Their relationship with West Africa is clearly important to Ibeyi. As well as singing in Yoruba and English, they speak with eagerness about the region. “There are a lot of twins in Nigeria and Benin,” says Lisa. ‘In Yoruba mythology, twins are like God…. they [defeated] the devil.” The girls have already played so many concerts they struggle to recollect their first one, but enthusiastically recount details of an early performance at Festival Cotonou Couleurs Jazz in Benin to which they were invited to perform by Beninese grand chanteuse, Angélique Kidjo.

It was not until after this that a live performance of the girls singing their track, “Mama Says,” reached XL Records’ owner, Richard Russell. “At first, he looked at it but he didn’t want to because he just thought: They are young! But XL soon came to see us live in Paris.” The girls hadn’t heard of Russell, but when they realized that they listened to the music of most of his protégés, they were sold.

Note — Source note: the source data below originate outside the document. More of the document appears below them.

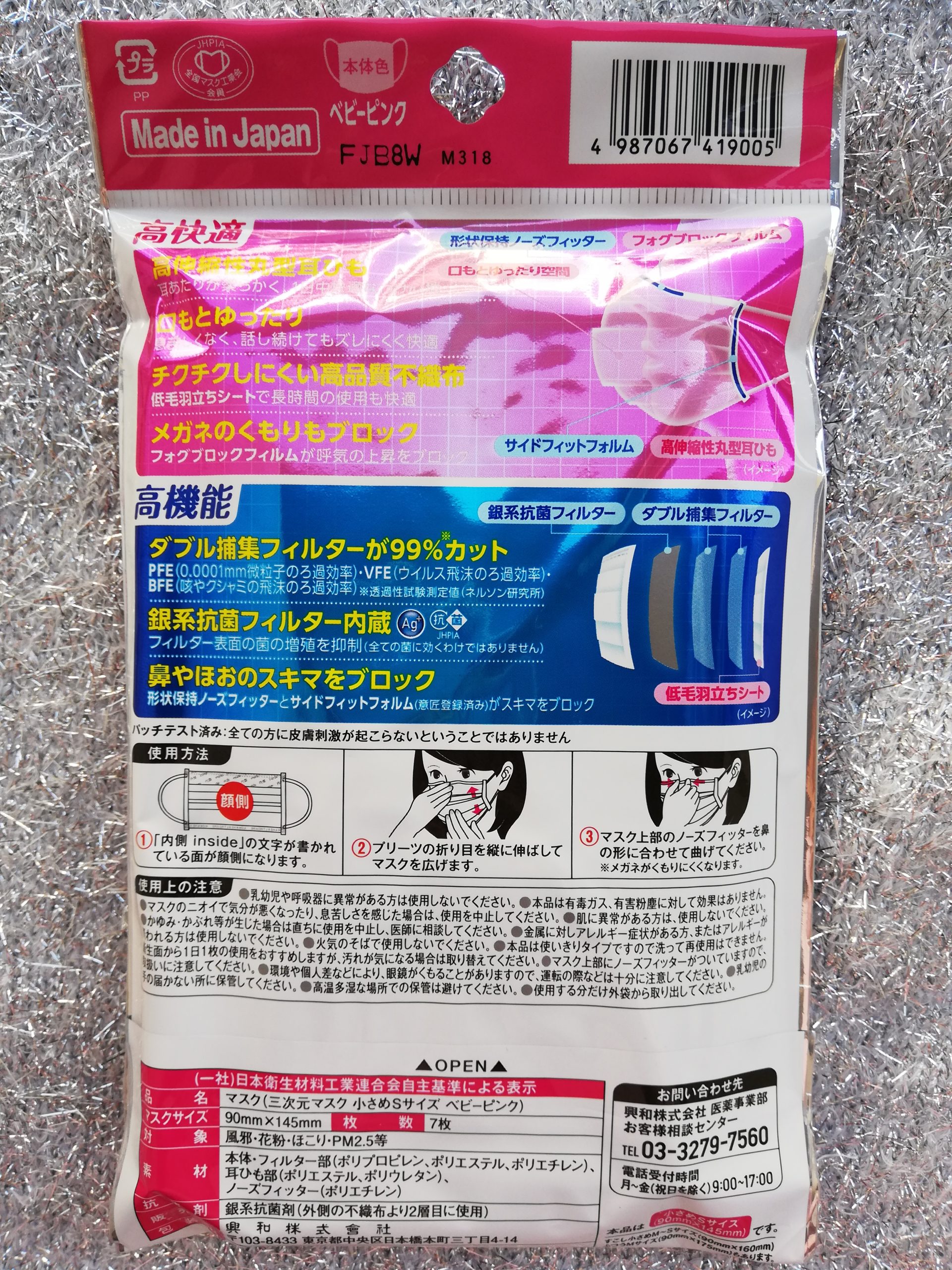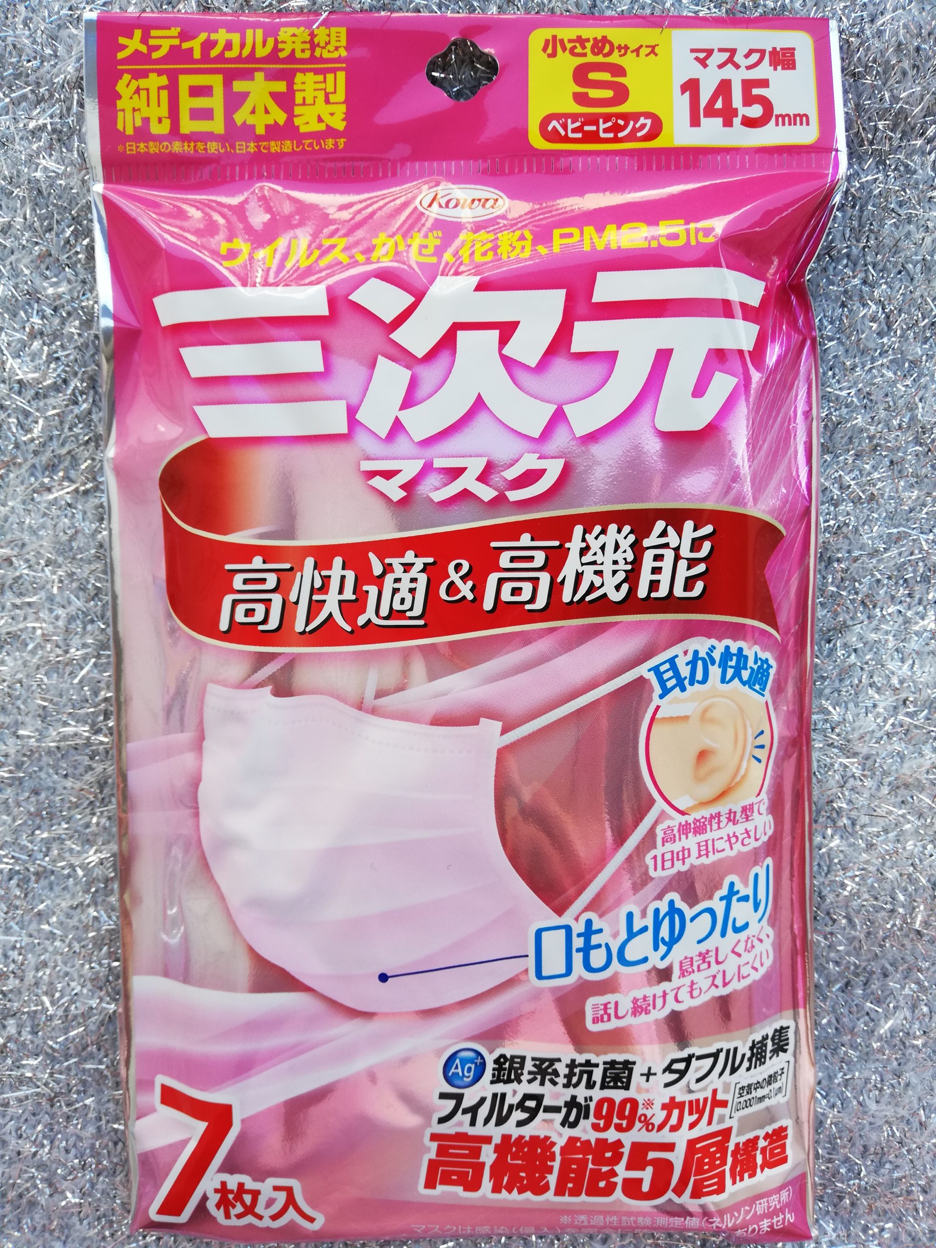 Kowa 三次元 粉紅色口罩 (Size S 145mm) 7枚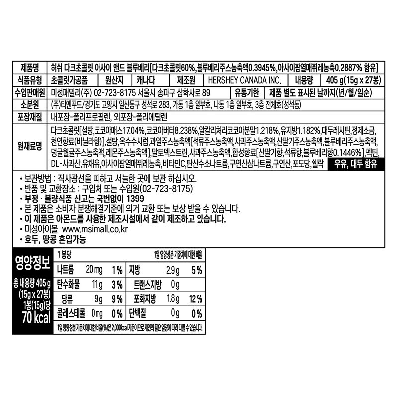 허쉬 다크초콜릿(아사이&블루베리_15g*27입 405g/EA)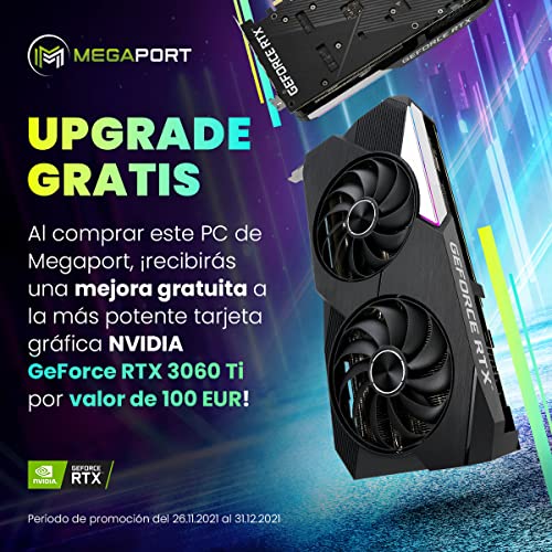 - Con más de 15 años de experiencia y socios premium de renombre a nuestro lado, equipamos nuestros PC con el hardware más reciente y de mayor calidad para ofrecerte las mejores condiciones para tu experiencia de juego. Al comprar este PC de Megaport, ¡recibirás una mejora gratuita a la más potente tarjeta gráfica Nvidia GeForce RTX3060Ti por valor de 100 euros! (Periodo de promoción del 26.11.2021 al 31.12.2021)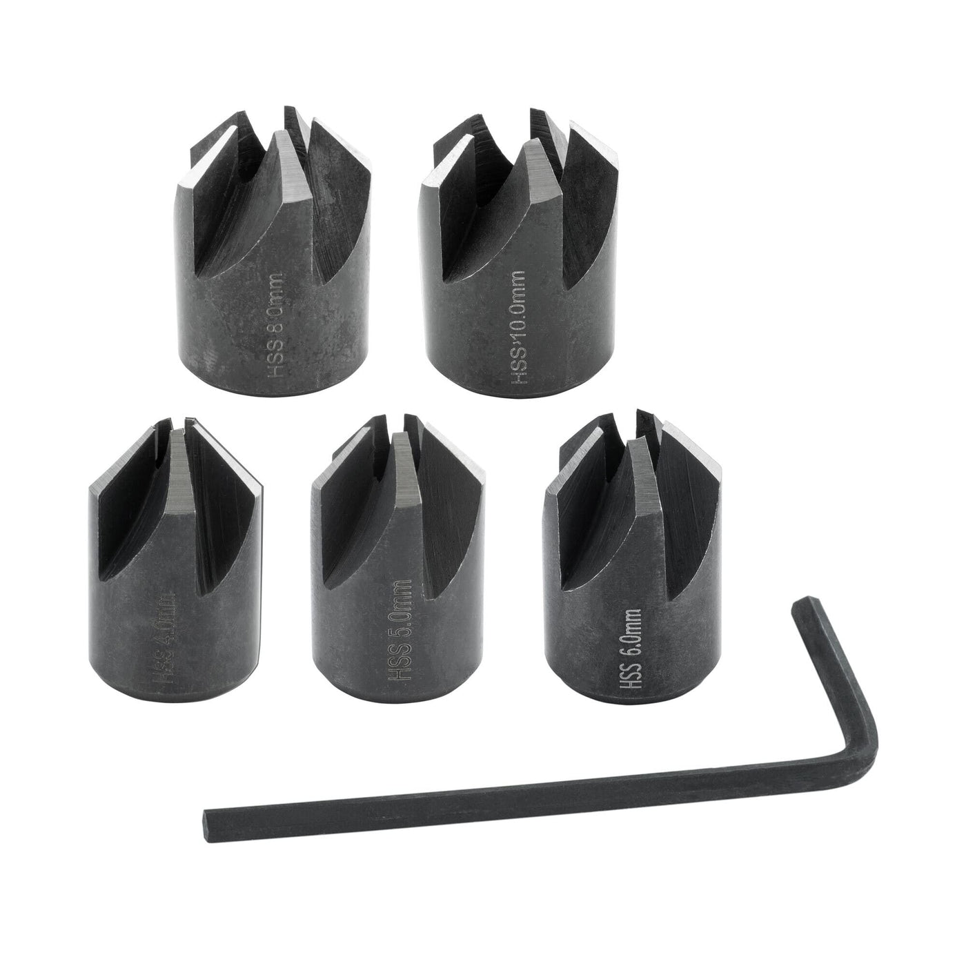 ENT 26516 5-piece countersink set HSS, diameter (d) 4, 5, 6, 8 and 10 mm, e 90°, right 5-piece. Set Ø 4 - 10 mm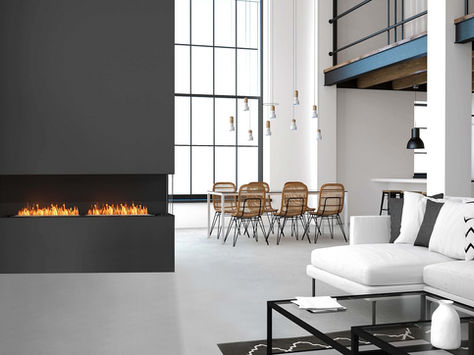Dahili burner kit ünitesinin entegre edildiği ve önünde cam paravan kullanılan bu şömine modeli, mimarlar dekoratörler ve tasarımcılara görkemli mekanlara imza atacağı kurulumu kolay ve baca gerektirmeyen sınırsız çözüm önerileri sunuyor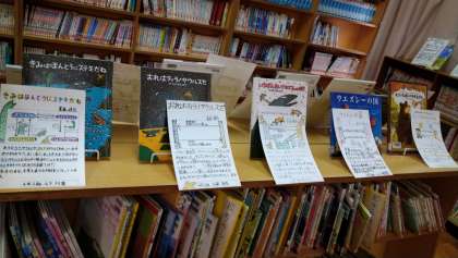 6年生が国語科の学習で作った本の紹介カードが図書室に展示されています。人物関係図など、物語の内容がよく分かるように書かれているので、他の学年の児童もカードを良く読んで本を選んでいます。

Of course, as teenagers growing up in Paris, Naomi and Lisa were exposed to a range of music beyond their parents’ roots. Their debut album is minimalist but a tapestry of the traditional and the modern. They namecheck Frank Ocean, James Blake, Jay Electronica and King Krule amongst other contemporary influences. Hearing the metallic, electro-sound adorned with the twins’ spiritual, soulful voices and Naomi on percussion and Lisa on piano, on their debut single “Oya,” it’s not hard to see why they found the normally arduous process of securing a record deal so easy. The video shoot for their latest single, “River,” may have proved to be a little more challenging, on the other hand. Over a continuous shot, the twins are filmed lying next to each other in a pool of water and are alternately submerged by burly male hands for 30 or 40 seconds at a time. The footage records them clearly gasping for breath as they surface and wincing with trepidation as they prepare to descend. “They always make female artists look so beautiful but there’s no heart, it’s not deep, it’s not visceral, it’s just easy. So I said to Ed Morris [the director], I want something that’s twisted,” laughs Lisa.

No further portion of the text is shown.